**Available records**.
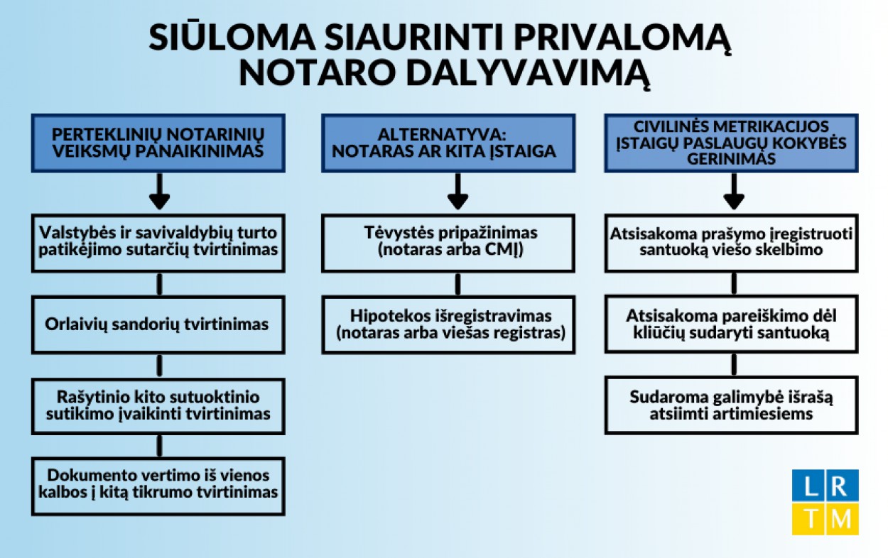 Teisingumo ministrės Evelinos Dobrovolskos teigimu, notaro vaidmuo užtikrinant sandorių teisėtumą visuomenėje yra labai svarbus, bet visuomenė, jos poreikiai ir lūkesčiai keičiasi, todėl labai svarbu atsisakyti notaro dalyvavimo ten, kur jo galima atsisakyti nesukuriant papildomų rizikų ir tokiu būdu sudaryti gyventojams bei institucijoms galimybes tam tikrus sandorius atlikti greičiau, o tam tikras paslaugas gauti ne tik kreipiantis į notarą.
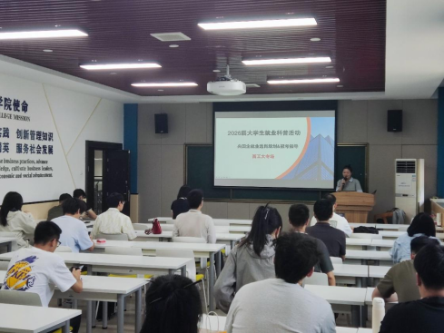 为助力2026届毕业生精准把握就业方向,深入了解央国企发展前景与求职策略,5月29日,由磁力片 学生职业发展指导服务中心主办、磁力片 承办,特邀高顿教育资深讲师彭鑫怡以“央国企就业选岗规划&报考指导”为主题,为毕业生开展专题宣讲。30多名来自各学院的学子参加活动,活动由磁力片 就业主管白洁主持。
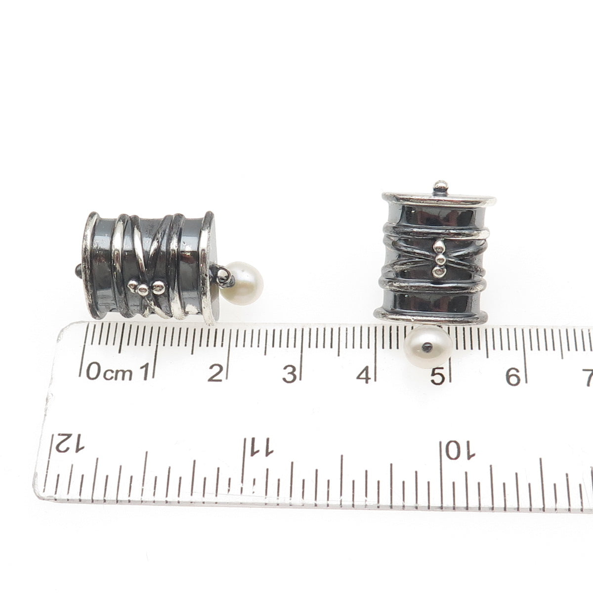 DAC Deborah Armstrong 925 Sterling Silver Vintage Real Pearl Modernist Earrings
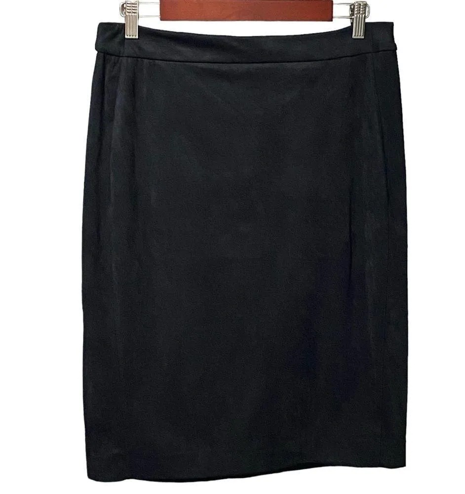 Excellent pre-owned condition, no flaws. Classic black vegan faux suede skirt from the Christian Siriano for J Jill collection. Features a sleek pencil silhouette, soft suede-like texture, and a versatile knee-length design. Perfect for work, events, or elevated casual looks. Measurements (laid flat): Waist: 16” Length: 23.5” Minimalist Wardrobe Staple Chic Capsule Closet Elevated Everyday Style Office To Evening Wear Classic Black Pencil Skirt Vegan Leather Alternative Modern Workwear Essential Fall Winter Wardrobe Luxury Designer Collaboration
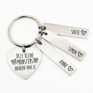 Monsters zijn het! Maar wel monsters die van je houden... Of ben jij het gruwelijke monster die van zijn of haar ouders houdt? Dan is deze 'Deze kleine monsters houden van je' sleutelhanger een super leuk cadeau om te geven. Laat je mama of papa weten dat je van ze houdt ondanks al je kattenkwaad en geef deze mooie RVS sleutelhanger cadeau. Je kunt de sleutelhanger personaliseren door er de namen van alle kinderen aan toe te voegen.
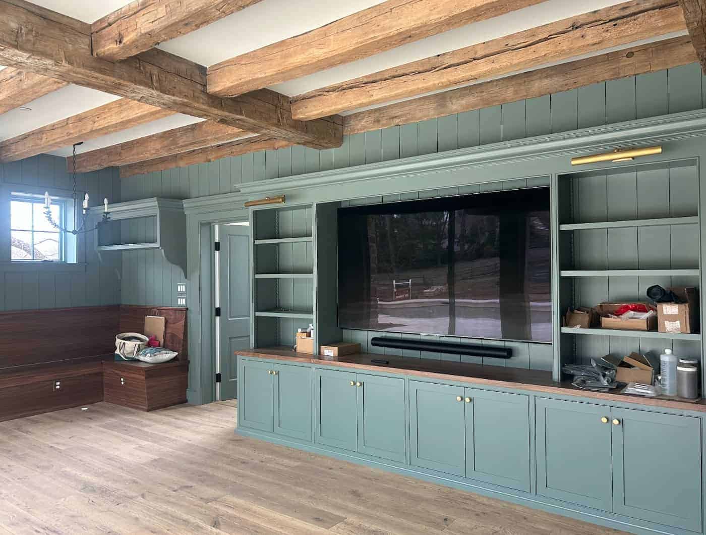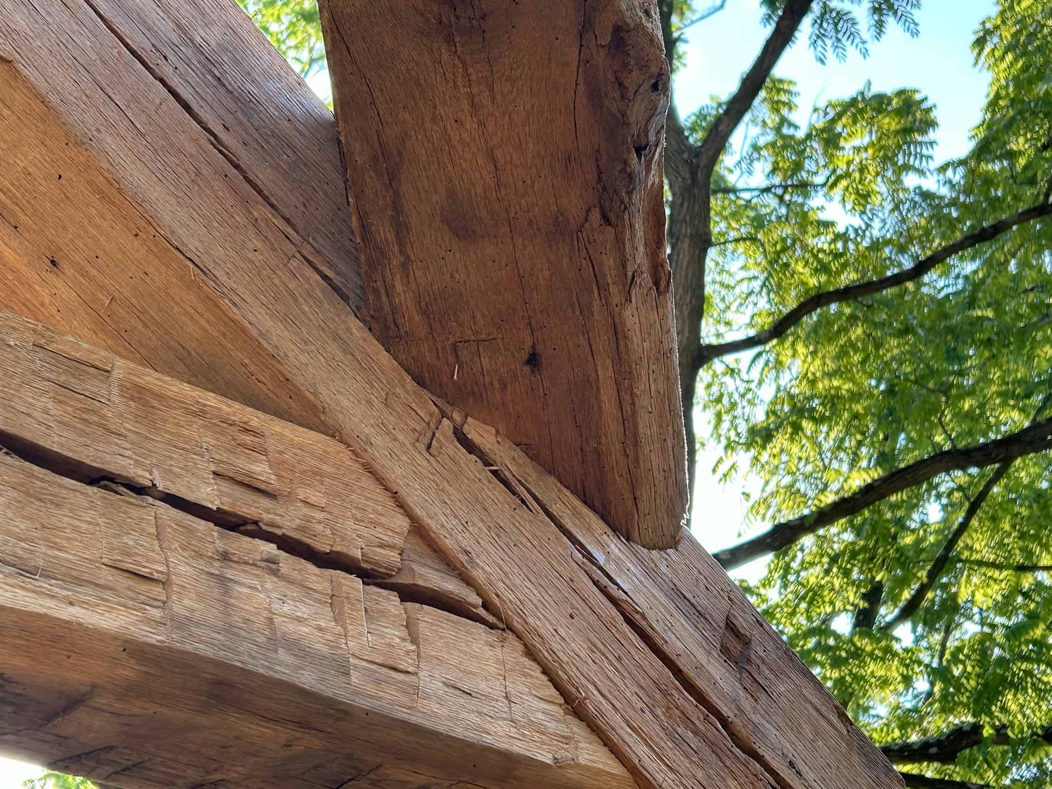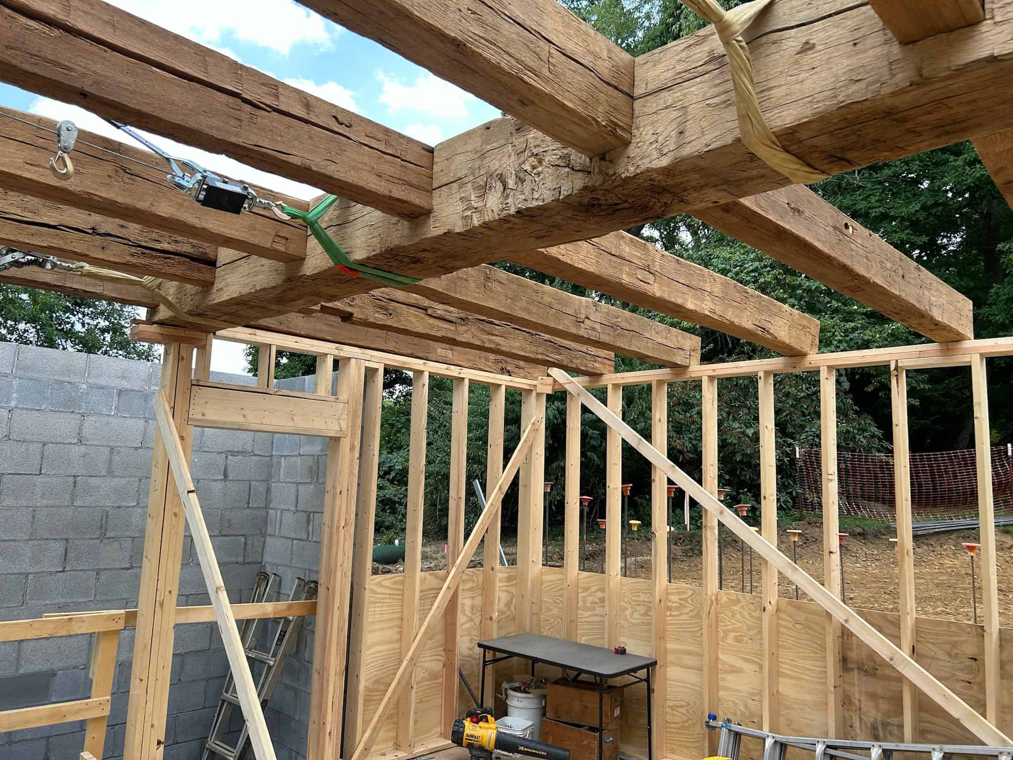 Being well-versed in heavy timber joinery is crucial for the successful outcome of a heavy timber frame. This pool house in Newtown Square exemplifies where our craftsmen truly shine. The reclaimed hand-hewn oak frame required extensive hand cutting on-site to accommodate inconsistent member sizes, live edges, and material that isn’t straight.

**Prompt**. Take the material above from its first line through the line that has "DAC Deborah Armstrong" and copy it exactly, without any pictures.

**Written response**.
 Teisingumo ministrės Evelinos Dobrovolskos teigimu, notaro vaidmuo užtikrinant sandorių teisėtumą visuomenėje yra labai svarbus, bet visuomenė, jos poreikiai ir lūkesčiai keičiasi, todėl labai svarbu atsisakyti notaro dalyvavimo ten, kur jo galima atsisakyti nesukuriant papildomų rizikų ir tokiu būdu sudaryti gyventojams bei institucijoms galimybes tam tikrus sandorius atlikti greičiau, o tam tikras paslaugas gauti ne tik kreipiantis į notarą.
 为助力2026届毕业生精准把握就业方向,深入了解央国企发展前景与求职策略,5月29日,由磁力片 学生职业发展指导服务中心主办、磁力片 承办,特邀高顿教育资深讲师彭鑫怡以“央国企就业选岗规划&报考指导”为主题,为毕业生开展专题宣讲。30多名来自各学院的学子参加活动,活动由磁力片 就业主管白洁主持。
 DAC Deborah Armstrong 925 Sterling Silver Vintage Real Pearl Modernist Earrings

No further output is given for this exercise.